Later, a man lying awake,
he might ask it again,
just to hear the silence
charge him, This night
arching over your sleepless wondering,

this night, the near ground
every reaching-out-to overreaches,

just to remind himself
out of what little earth and duration,
out of what immense good-bye,

each must make a safe place of his heart,
before so strange and wild a guest
as God approaches.

Natividade

Na escuridão, uma criança pode perguntar, O que é o mundo?
apenas para ouvir sua irmã
garantir, É uma ala não terminada do paraíso,
apenas para ouvir seu irmão dizer,
É uma casa dentro de uma casa,
mas, na maioria das vezes, para ouvir sua mãe responder,
Só mais uma canção e você vai dormir.

Como poderia qualquer um naquela cama saber
que a questão encontra seu começo
na resposta que lentamente cresce
dentro de quem perguntou, aquele menino inquieto,
o queridinho da noite?

Mais tarde, um homem desperto, deitado,
poderia perguntar novamente,
apenas para ouvir o silêncio
atingi-lo, Esta noite
que se arqueia sobre seus pensamentos insones,

esta noite, o solo próximo,
ultrapassado a cada tentativa de alcançá-lo,

apenas para ser lembrado
que para além de qualquer minúsculos terra e tempo,
que para além de qualquer imenso adeus,

cada um deverá fazer de seu coração um lugar seguro,
antes que um visitante estranho e selvagem,
como Deus, apareça.

Night mirror

Li-Young, don’t feel lonely,
when you look up
into great night and find
yourself the far face peering
hugely out from between
a star and a star. All that space
the nighthawk plunges through,
homing, all that distance beyond embrace,
what is it but your own infinity.

And don’t be afraid
when, eyes closed, you look inside you
and find night is both
the silence tolling after stars
and the final word
that founds all beginning, find night,

abyss and shuttle,
a finished cloth
frayed by the years, then gathered
in the songs and games
mothers teach their children,

Look again
and find yourself changed
and changing, now the bewildered honey

falling into your own hands,
now the immaculate fruit born of hunger.
Now the unequaled perfume of your dying.
And time? Time is the salty wake
of your stunned entrance upon
no name.

Espelho noturno

Li-Young, não se sinta só,
quando olhar para cima
para dentro da grande noite e perceber
que é um rosto distante a espiar
a imensidão que há
de uma estrela a outra.
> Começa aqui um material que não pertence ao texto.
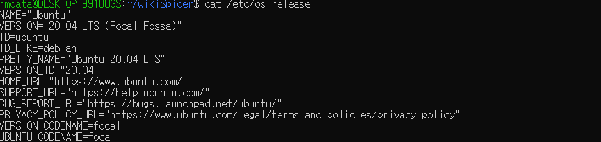 os-release 파일에는 운영 체제에 대한 세부 정보가 포함되어 있습니다. 우분투 url에 대한 정보와 codename을 보다 자세하게 볼 수 있습니다.
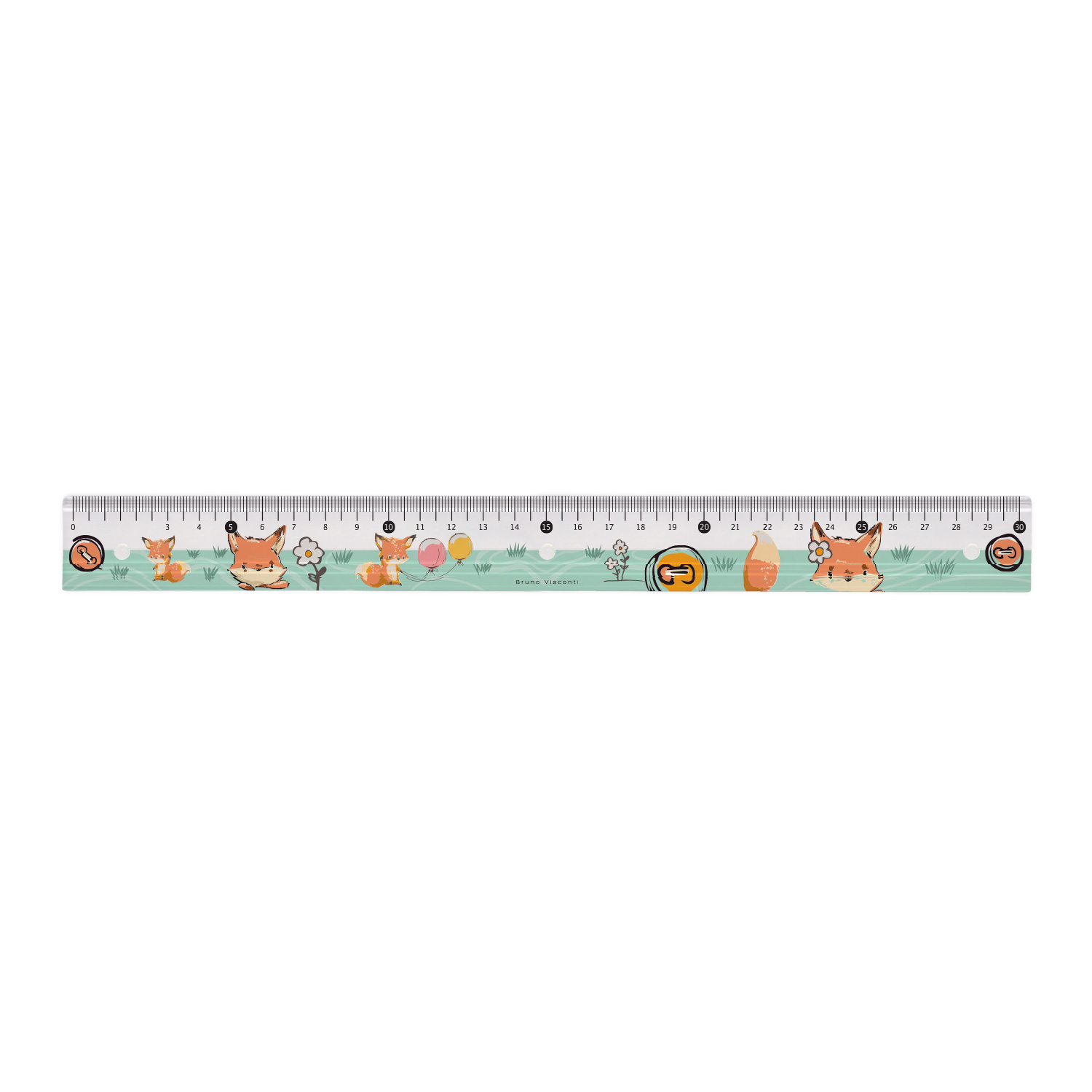ЛИНЕЙКА ПЛАСТИКОВАЯ С АНТИСКОЛЬЗЯЩИМИ ВСТАВКАМИ "HappyGraphix. Лисенок с шариком" 30 CМ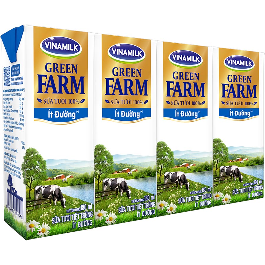 - Sữa Tươi Tiệt Trùng Vinamilk Green Farm - Sữa Tươi 100% Ít Đường 180ml cao cấp mới với nguồn sữa tươi 100% thuần khiết từ hệ thống trang trại sinh thái Vinamilk Green Farm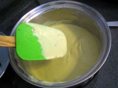 3. Transfer to saucepan and bring to a simmer over medium heat. Reduce heat to low and cook for about 10 minutes, stirring frequently, until cooked through and thickened.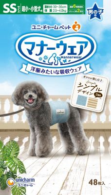 【16個セット】ユニ・チャームマナーウェア 男の子用 モカストライプ・ライトブルージーンズ SSサイズ 48枚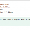 The player Kevin Elliott signed up at the end of May 2006, friended Rabbit and I and never logged in again. I don't know Kevin Elliott all that well nor have we met in person. He lives in the Bay Area as far as I'm aware and I thought he might have a...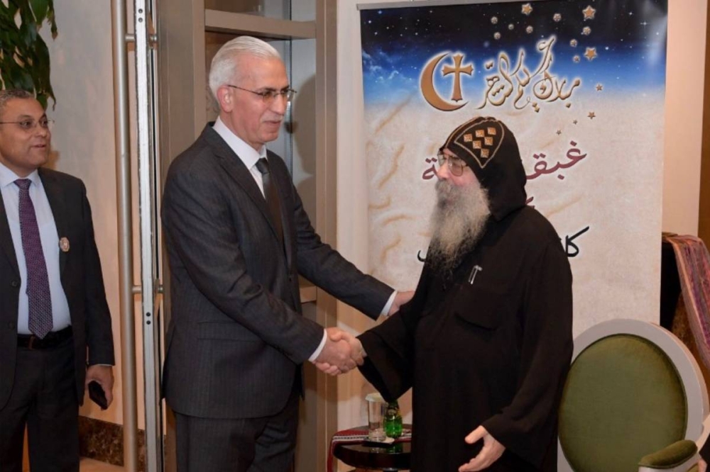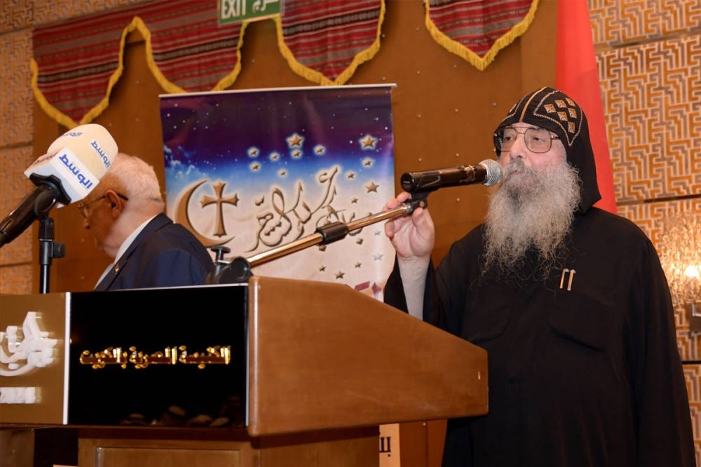 كما توجه بالشكر إلى الكنيسة القبطية المصرية، لجهودها الملموسة لتعزيز مكانة مصر ودورها في الكويت، خاصة في هذا الشهر الكريم، وشدد على خالص تقديره واعتزازه بأبناء الجالية المصرية على أرض الكويت، لدورهم في التنمية ولأدائهم المتميز نحو الوطن الأم، حتى تظل مصر بوحدتها الوطنية نموذجا فريدا لكل الشعوب.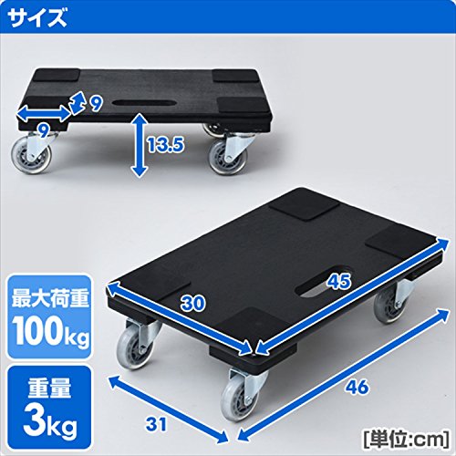 ●お得な4個セット●積載面:幅45×奥行30cm●最大荷重:100kg●滑り止めマットサイズ:9cm角●静音キャスターの木製平台車●天板滑り止めマット付きなので荷物のズレを防止します●家具の移動や家の様々なシーンで大活躍●スタイリッシュなブラック
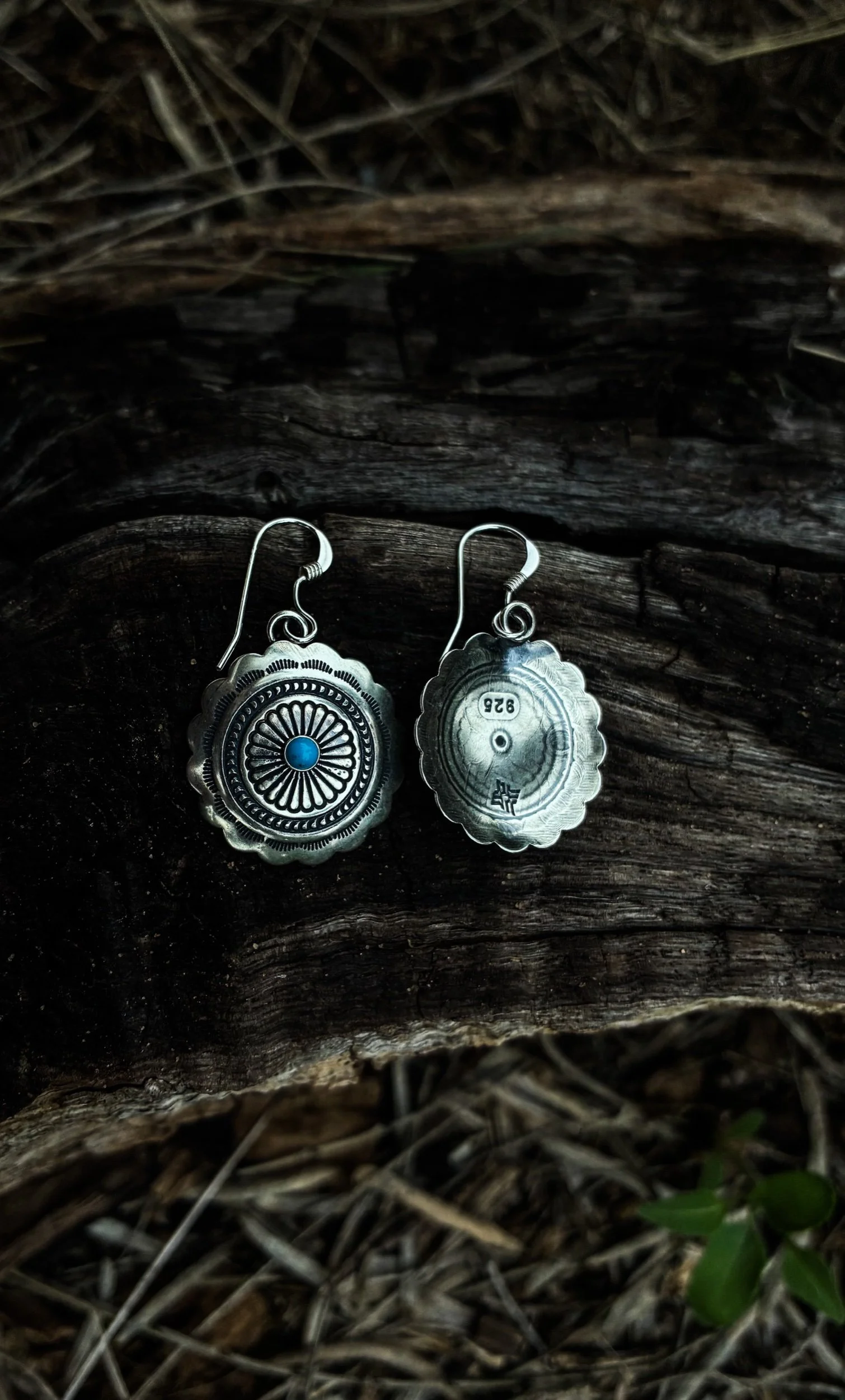 Image 1 of 3 Image 2 of 3 Image 3 of 3 Concho Earrings $85.00 Sterling & turquoise Purchase Added! Sterling & turquoise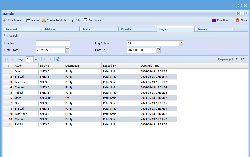 Type of action logged Status change of Lab test, Status change on tests, Authorised By, Percentage update on tests, Publish notice, invoice created |
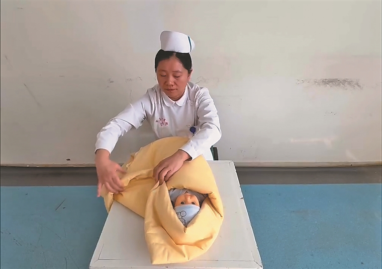 “刚出生的宝宝要用左手托住宝宝的背、颈、头,从床上抱起和放下的时候……”在老年大学母婴护理课堂上,来自哈市第一医院产科的护理专家正在绘声绘色地讲解抱新生儿的正确姿势,在场的几十位老年学员全都专心听讲、做笔记。

Todo aquele espaço
através do qual mergulha o falcão da noite,
regressando, toda aquela distância para além do abraço,
e o que é aquilo senão o seu próprio infinito?

E não sinta medo
quando, de olhos fechados, olhar para dentro de si
e descobrir que a noite é tanto
o silêncio a badalar pelas estrelas
quanto a palavra final
que fundou o início de tudo, que encontra a noite,

abismo e transporte,
e um pano despedaçado
desgastado pelos anos, e depois reunido
nas canções e jogos
que as mães ensinam aos seus filhos.

Olhe novamente
e veja como você mudou
e mudando, e agora o mel, perplexo,

escorre até suas mãos,
e agora o imaculado fruto que nasceu da fome.
E agora o inigualado perfume de sua morte.
E o tempo? O tempo é o despertar salgado
de seu ingresso, aturdido, onde
não se tem nome.

Li-Young Lee
Nasceu em Jacarta (Indonésia), em 1957. Sua família, de origem chinesa, outrora poderosa (o avô foi presidente), caiu em desgraça com o regime comunista (o pai foi prisioneiro político). Depois de uma longa peregrinação (Indonésia, Hong Kong, Macau, Japão), a família chegou aos Estados Unidos, onde Lee vive desde os sete anos de idade. Sua poesia mescla, com uma linguagem muito pessoal, a herança clássica chinesa e a contemporaneidade norte-americana.
André Caramuru Aubert

Nasceu em 1961, São Paulo (SP). É historiador formado pela USP, editor, tradutor e escritor. Autor de Outubro/DezembroA vida nas montanhas e Cemitérios, entre outros.